A Different Perspective
While OppFi shareholders are down 42% for the year, the market itself is up 30%. While the aim is to do better than that, it's worth recalling that even great long-term investments sometimes underperform for a year or more. With the stock down 6.0% over the last three months, the market doesn't seem to believe that the company has solved all its problems. Given the relatively short history of this stock, we'd remain pretty wary until we see some strong business performance. I find it very interesting to look at share price over the long term as a proxy for business performance. But to truly gain insight, we need to consider other information, too. For example, we've discovered 3 warning signs for OppFi that you should be aware of before investing here.

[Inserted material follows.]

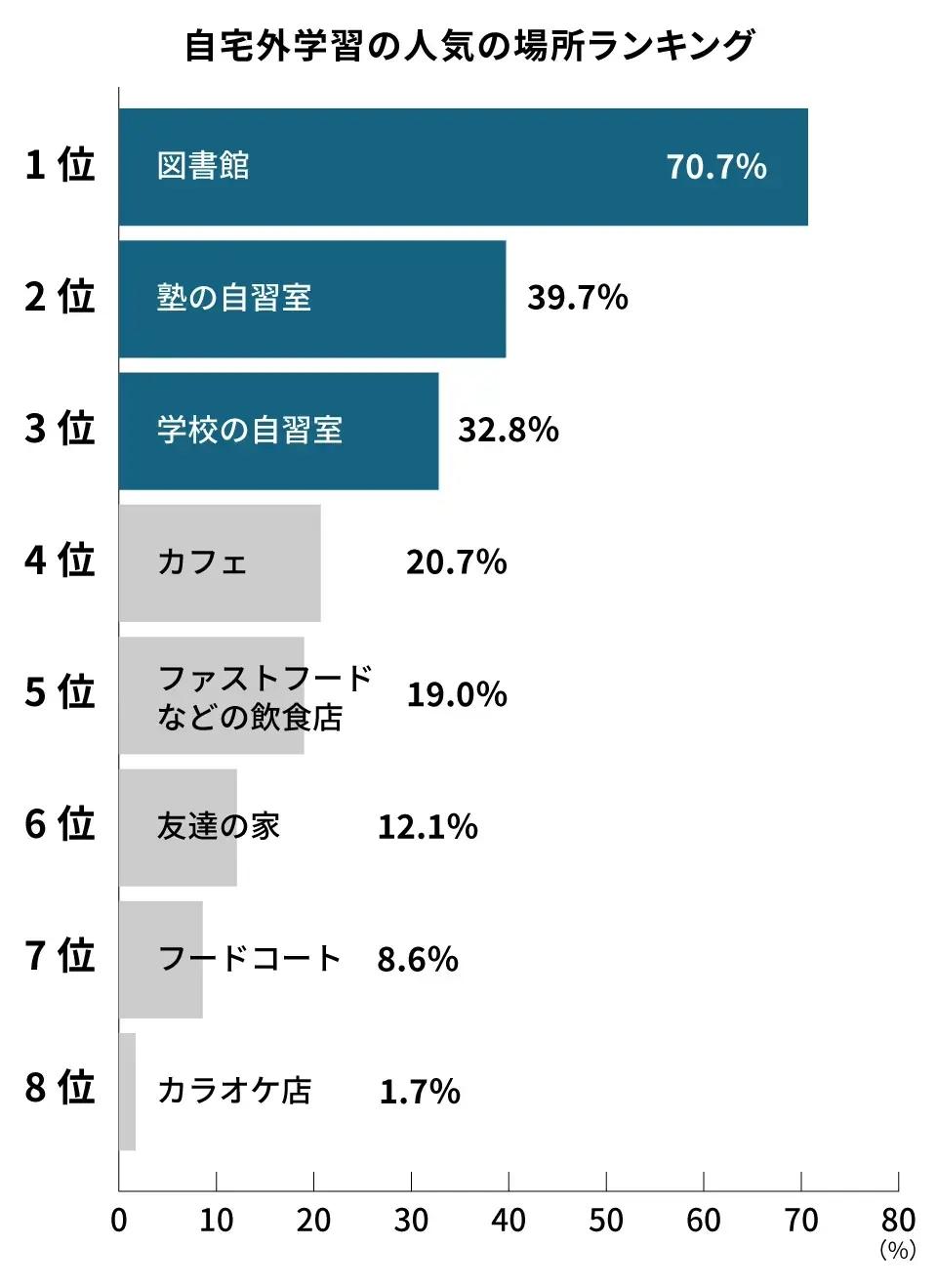 カラオケ店(1.7%): 少数派ですが、個室で集中したい、声を出して学習したいといった特定のニーズがある場合に利用されているようです。

Of course, you might find a fantastic investment by looking elsewhere. So take a peek at this free list of companies we expect will grow earnings.
Please note, the market returns quoted in this article reflect the market weighted average returns of stocks that currently trade on US exchanges.
This article by Simply Wall St is general in nature. We provide commentary based on historical data and analyst forecasts only using an unbiased methodology and our articles are not intended to be financial advice. It does not constitute a recommendation to buy or sell any stock, and does not take account of your objectives, or your financial situation. We aim to bring you long-term focused analysis driven by fundamental data. Note that our analysis may not factor in the latest price-sensitive company announcements or qualitative material. Simply Wall St has no position in any stocks mentioned.